Chicago Adopts “Fair Work Week Ordinance”
Expansive Law Aimed at Predictive Scheduling for Workers, Limiting Employers’ Ability to Unilaterally Change Work Hours
On July 24, 2019, the City of Chicago enacted the “Fair Work Week Ordinance,” requiring that many businesses provide workers with up to two-weeks advance notice of their work hours and schedules. The FWW Ordinance becomes effective on July 1, 2020, and will require employers from a broad spectrum of industries to set most employee schedules at least 10 days in advance.
Subject to some exceptions, if the employer changes the schedule after posting, then it must also provide the employee with “predictability pay” in the amount of one hour of pay. If a change is made within 24 hours of the shift, the employee would be entitled to at least 50 percent of the employee’s regular rate for any scheduled hours not worked due to the change. Employees will also have the right to decline hours which are scheduled within 10 hours after the end of the previous day’s shift. Thus, if an employee agrees to work a shift beginning less than 10 hours after the end of the employee’s last shift, for that shift the employee must be paid 1.25 times the employee’s otherwise regular rate of pay. The Ordinance is expected to have a significant impact on industries where “variable” schedules are most common, including the hospitality, retail, and food and beverage industries.

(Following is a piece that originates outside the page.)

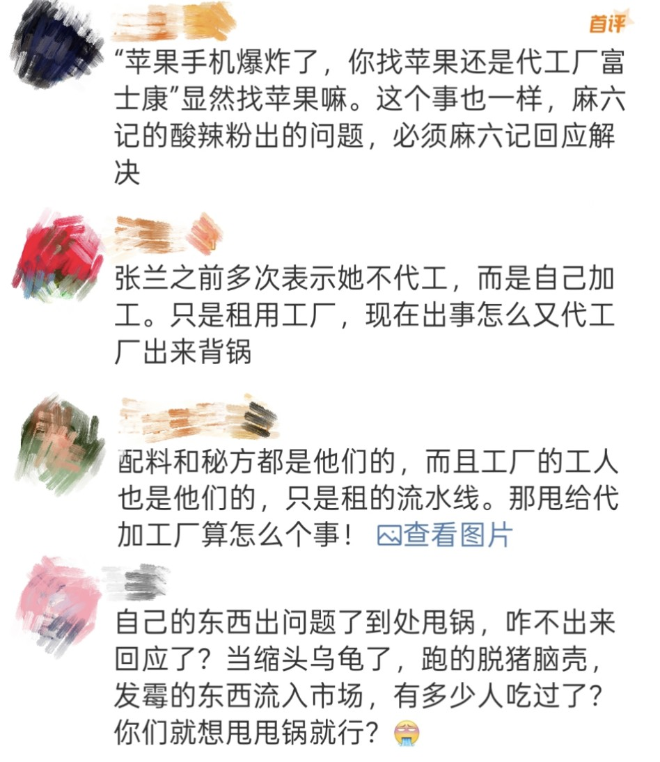 然而,代工廠白家阿寬的道歉聲明未能平息眾怒,大量網(wǎng)友紛紛喊話汪小菲和張?zhí)m出來回應(yīng)。“張?zhí)m之前多次表示她不代工,而是自己加工。只是租用工廠,現(xiàn)在出事,怎么又代工廠出來背鍋!薄芭淞虾兔胤蕉际撬麄兊,而且工廠的工人也是他們的,只是租的流水線。那甩給代加工廠算怎么個事!”“麻六記的酸辣粉出的問題,必須麻六記回應(yīng)解決!
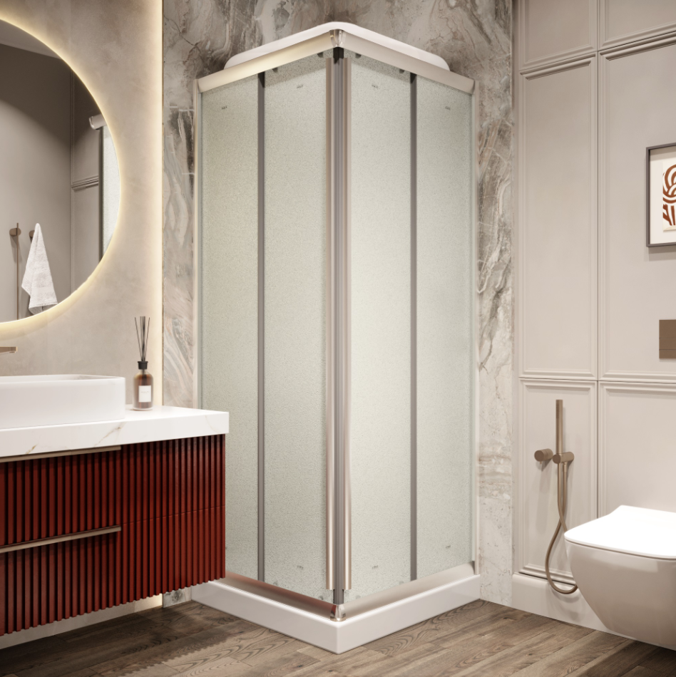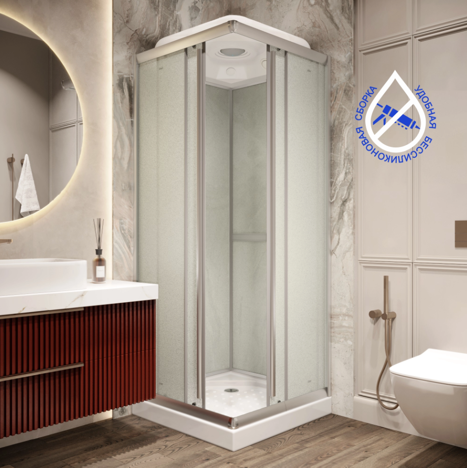 - Поддон: низкий 10 см, квадратный. Рельефное дно предупреждает падения.

The FWW Ordinance will apply to businesses having at least 100 global employees, 50 of whom are eligible to be covered by the city’s scheduling rules. Nonprofits will be covered if they have more than 250 employees, 50 of whom primarily work in Chicago. Restaurants must have at least 250 workers and more than 30 locations globally to be covered by the Ordinance (excluding certain smaller restaurants operating under a single franchise). Workers who earn less than $26 per hour or $50,000 per year will be “Covered Workers” under the Ordinance, whereas covered employers will include those in the building services, healthcare, hotels, manufacturing, retail, and warehouse services.
Covered employers must also provide new employees covered by the law with a written estimate of the employee’s projected days and hours of work for the first 90 days of employment, including average hours per week, expected days and times or shifts that the employee can expect to work (or not work), and whether on-call shifts are expected.
The Ordinance includes some limited exceptions. For example, mutually agreed-upon work schedule changes and shift trades between covered employees will not ordinarily violate the Ordinance. The Ordinance also excludes scheduling changes for emergencies for manufacturing and health care employers, such as power outages and blizzards, and disciplinary actions against workers which result in a loss of hours. The Ordinance also carves out an exception for unionized workforces. The Ordinance provides that its requirements may be waived in a collective bargaining agreement if explicitly stated in clear and unambiguous terms.
The penalties for violating the Ordinance include fines of up to $500 for each violation. Although the Ordinance allows private lawsuits for enforcement, as well, an employee must exhaust of various administrative steps prior to doing so, including providing notice to the City of Chicago’s Department of Consumer Protection and Business Affairs, after which the employer has an opportunity to correct the issue before an employee can file a lawsuit.
Chicago becomes the latest of several municipalities with legislation of this type, including New York City, Philadelphia, San Francisco, and Oregon. However, Chicago’s Ordinance is arguably the most expansive of its kind. Employers operating in Chicago should act now to begin formulating a plan to ensure compliance with the Ordinance and minimize its impact, including reviewing existing scheduling policies and making any appropriate updates.